(Data excerpts)

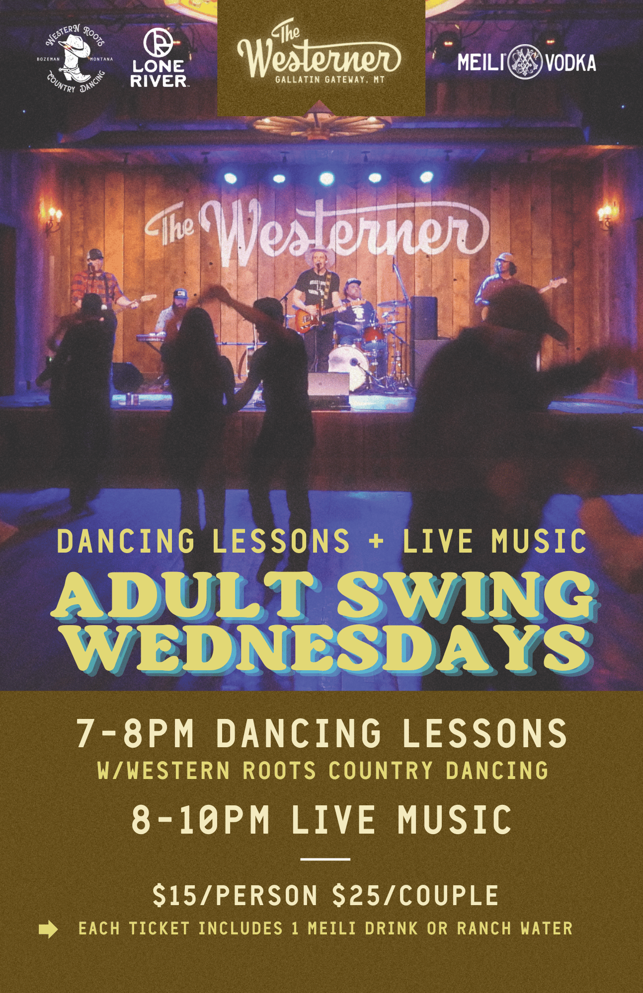 EACH TICKET INCLUDES 1 MEILI DRINK OR RANCH WATER.
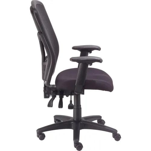 The Interion® Mesh Office Chair with High Back & Adjustable Arms easily compliments any office space that needs an office chair. Built-in lumbar support provides added back comfort. Fabric upholstered seat has 3-1/2 thick comfort cushioning. Mesh-back office chair features a plastic trim back to ensure long life. Height adjustable armrests help reduce arm fatigue. Stable 5-blade base with dual-wheel swivel casters for easy mobility. 2-Year Limited Warranty.
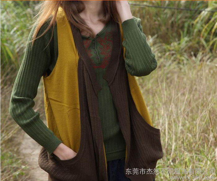 杰然不同女式純棉針織衫假兩件套背心上衣
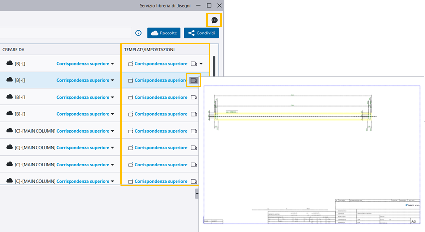 Nuova colonna per la selezione di un template o delle impostazioni: Una nuova colonna Template/Impostazioni è stata aggiunta alla finestra di dialogo che consente di selezionare un modello o il relativo file di impostazioni per la creazione del Revisione creazione disegno. Ciò offre maggiore flessibilità e controllo sul processo di creazione del disegno.
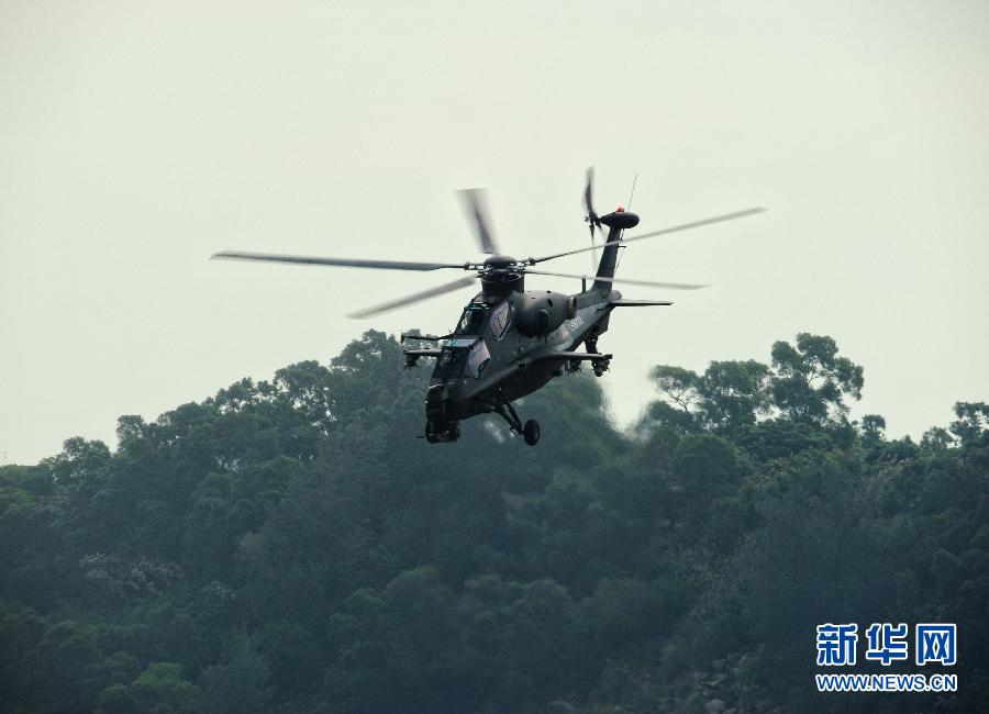 2012年11月11日,國產(chǎn)武直10武裝直升機(jī)在珠海三灶機(jī)場進(jìn)行飛行訓(xùn)練。當(dāng)日,我國自主研制生產(chǎn)的武直10武裝直升機(jī)在珠海三灶機(jī)場進(jìn)行了約20分鐘的適應(yīng)性飛行訓(xùn)練,做出倒飛、萊維斯曼機(jī)動、高速大角度俯沖、低空小半徑盤旋等動作,展現(xiàn)出其優(yōu)異性能,引來航展現(xiàn)場觀眾頻頻喝彩。楊光 攝 圖片來源:新華網(wǎng)

(Work item) Give the lines again word for word, from the start of the records to the line holding "Nuova colonna per", both included, and leave out any picture.

(Solved problem)
 EACH TICKET INCLUDES 1 MEILI DRINK OR RANCH WATER.
 The Interion® Mesh Office Chair with High Back & Adjustable Arms easily compliments any office space that needs an office chair. Built-in lumbar support provides added back comfort. Fabric upholstered seat has 3-1/2 thick comfort cushioning. Mesh-back office chair features a plastic trim back to ensure long life. Height adjustable armrests help reduce arm fatigue. Stable 5-blade base with dual-wheel swivel casters for easy mobility. 2-Year Limited Warranty.
 杰然不同女式純棉針織衫假兩件套背心上衣
 Nuova colonna per la selezione di un template o delle impostazioni: Una nuova colonna Template/Impostazioni è stata aggiunta alla finestra di dialogo che consente di selezionare un modello o il relativo file di impostazioni per la creazione del Revisione creazione disegno. Ciò offre maggiore flessibilità e controllo sul processo di creazione del disegno.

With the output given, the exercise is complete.